| HN Mirror

The three bootstrap tools are a partial answer to (1) — the tool surface never grows, only the registry does, so context pollution is bounded by the search interface rather than the full tool list. Whether the registry search stays useful as it grows is an open question, semantic search over capability definitions is probably the next step.

(2) is where the structured capability format earns its keep over free-text memory. Triggers and suppression conditions give you inspectable, versioned invocation policy rather than prose that degrades over time. Still early though.

(3) I don't have a good answer to yet. Your point about feedback loops is the right framing — knowing whether the agent is actually getting better rather than just accumulating more tools is unsolved. The audit angle (administrators reasoning about which tools fire, when, and whether they should) is where I think this needs to go, but I haven't built that layer.

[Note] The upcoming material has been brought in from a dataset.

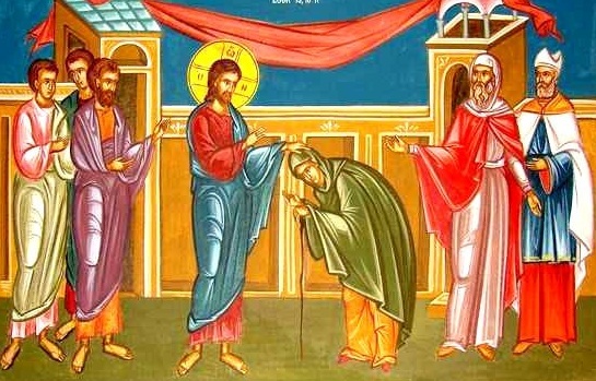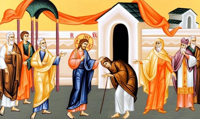 Această Pericopă Evanghelică a Duminicii a 27-a după Rusalii, ne oferă textul următor: «În vremea aceea Iisus învăța într-una din sinagogi sâmbăta. Și, iată, era acolo o femeie care avea de optsprezece ani un duh de neputință și care era gârbovă, încât nu putea să se ridice nicidecum. Iar Iisus, văzând-o, a chemat-o și i-a zis: Femeie, ești dezlegată de neputința ta! Și Și-a pus mâinile asupra ei, iar ea îndată s-a îndreptat și slăvea pe Dumnezeu. Atunci, mai-marele sinagogii, mâniindu-se că Iisus a vindecat-o sâmbăta, răspunzând, zicea mulțimii: Șase zile sunt în care trebuie să se lucreze; deci veniți în aceste zile și vă vindecați, iar nu în ziua sâmbetei! Domnul însă i-a răspuns și a zis: Fățarnicilor! Fiecare dintre voi nu dezleagă, oare, sâmbăta boul sau asinul său de la iesle și nu îl duce să-l adape? Dar aceasta, fiică a lui Avraam fiind, pe care a legat-o Satana, iată, de optsprezece ani, nu se cuvenea, oare, să fie dezlegată de legătura aceasta în ziua sâmbetei? Și, zicând El acestea, s-au rușinat toți cei ce erau împotriva Lui, iar poporul întreg se bucura de toate faptele cele slăvite, săvârșite de Dânsul» (Luca 13, 10-17), pentru a ne transmite un mesaj grăitor şi nouă, celor care, în zi de Duminică, trebuie să împlinim iubirea milostivă a lui Dumnezeu, fiind alături de cei bolnavi, hrănind pe cei flămânzi, îndreptând pe cei rătăciți. Fariseii, cu buzele rosteau cuvintele din Lege, dar cu inima urau pe Cel care săvârșise minunea. Erau fățarnici pentru că și ei încălcau Legea, făceau bine animalelor și nu considerau că e o încălcare a Legii, însă considerau un păcat ajutorarea unei ființe umane. De fapt, râvna afișată pentru a arăta respectarea Legii era un pretext, prin care își justificau ura față de Învățător, pentru că prin aceasta se condamna o confuzie ce domina mentalitatea iudaică despre Sabat, ca respectare a Legii în litera ei și independent de implicarea omului, or, aceasta era o lege dată de Dumnezeu pentru om, un cod după care să se conducă, nu care să-l subjuge. Printr-o asemenea explicație Iisus Hristos vrea să-i elibereze și pe învățătorii de lege de sub jugul unei Legi oarecum rigide şi limitative, de înrobirea literei ei. Totodată, Domnul caută să reabiliteze demnitatea omului, superior făpturii și partener de dialog cu Dumnezeu. Nici Legea și nici făptura nu sunt superioare omului, ci cadrul în care, ocrotit de Dumnezeu, omul poate fi ferit de dezrădăcinare și condus spre ceea ce a fost dintru început. Desigur, nu numai că nu este păcat să săvârșim fapte de milostenie în zi de sărbătoare, ci, chiar ni se cere, aceasta fiind o virtute, pentru că Hristos Domnul a săvârșit nenumărate fapte bune, vindecări, minuni în zi de sâmbătă, iar El a făcut acestea nu pentru a încălca Legea, ci pentru a le spune iudeilor de atunci şi nouă celor de azi, că ziua de sărbătoare e un prilej extraordinar pentru milostenie, pe de o parte, pentru că nu există o zi în calendar specială sau zile anume în care se fac fapte bune, iar, pe de altă parte, chiar viața întreagă trebuie să fie în sine un prilej minunat pentru a face binele dincolo de semnificația zilelor din calendar. În esenţă, fapta bună săvârșită unui om în suferință este ea însăși o sărbătoare, pentru că acea zi a fost binecuvântată cu prezența lui Dumnezeu în viața noastră, aşa cum femeia gârbovă este vindecată fără a cere explicit acest lucru. Vedem că în sinagogă, femeia gârbovă se întâlnește cu Iisus, Căruia nu îndrăznește să-I ceară nimic, deși în inima ei se ruga și atât de mult și-ar fi dorit vindecarea. Or, tocmai această credință, văzând-o Hristos Domnul, a chemat-o la Sine și, punându-și mâinile peste ea, a vindecat-o, mai ales că răbdarea ei deosebită și suferința fără răzvrătire îndurată timp de 18 ani i-au călit viața și au făcut-o să-și înțeleagă suferinţa, să o accepte ca pe o cruce în viața ei, ca pe un semn văzut al smeririi ființei ei firave. Mai vedem că femeia era bolnavă de 18 ani și totuși venea la sinagogă, deci, ea nu încetase să spere, nu se descurajase, nu-și pierduse credința, nu încercase să se convertească la alte credințe ci, cu multă răbdare și speranță, continua să meargă la sinagogă şi nu cerea ceva, pentru că era smerită! Aşadar, motivația vindecării ei de către Hristos Domnul rezultă din faptul că Mântuitorul vindecă pe această femeie pentru că neputința sa, această suferinţă fizică, nu era consecința vieții păcătoase trăite de ea sau a păcatelor moștenite genetic de la părinți și nici rezultatul firesc al unei vieți consumate irațional în slujba unei munci istovitoare, așa cum credeau cei care o condamnau. Domnul o vindecă știind că era posedată de diavol şi legată de 18 ani, înrobită și condamnată să nu poată vedea chipul oamenilor cu care se întâlnea și în acelaşi timp era disprețuită pentru boala ei de mentalitatea prizonieră a confraților care o așezaseră în aceeași categorie cu orbii, leproșii, paralizații şi alte persoane cu probleme grave! Domnul a vindecat-o pentru a arăta că infirmitatea fizică nu este o piedică în calea întâlnirii cu Dumnezeu Care privește în sufletul omului și pentru a ne atenționa că în timp ce infirmitatea fizică este temporară, ea nefiind o piedică pentru cei care doresc intrarea în Împărăția lui Dumnezeu, infirmitatea spirituală, născută din înstrăinarea de Dumnezeu, poate fi un handicap care să ne împiedice intrarea în Împărăția cerului, pentru că Dumnezeu vine în viața noastră, ori de câte ori schimbăm traumele unei existenţe cotidiene precare cu clipa de har, fiindcă El cunoaște inimile, gândurile şi taina sufletului!

One thing that might directly address your caching point though — ADRs (Architecture Decision Records). The article that spawned Tendril started with giving an agent a record_decision capability that wrote ADRs to the filesystem. ADRs as agent cache is an interesting framing: structured, persistent, searchable records of why decisions were made at the moment they were made. That's arguably a better cache primitive than summarisation — decisions don't degrade the way summaries do, and they give you something to reason about for regression detection too.

Your tree/hierarchy observation resonates — the registry is a flat index right now which probably doesn't scale past a few dozen capabilities without some grouping structure.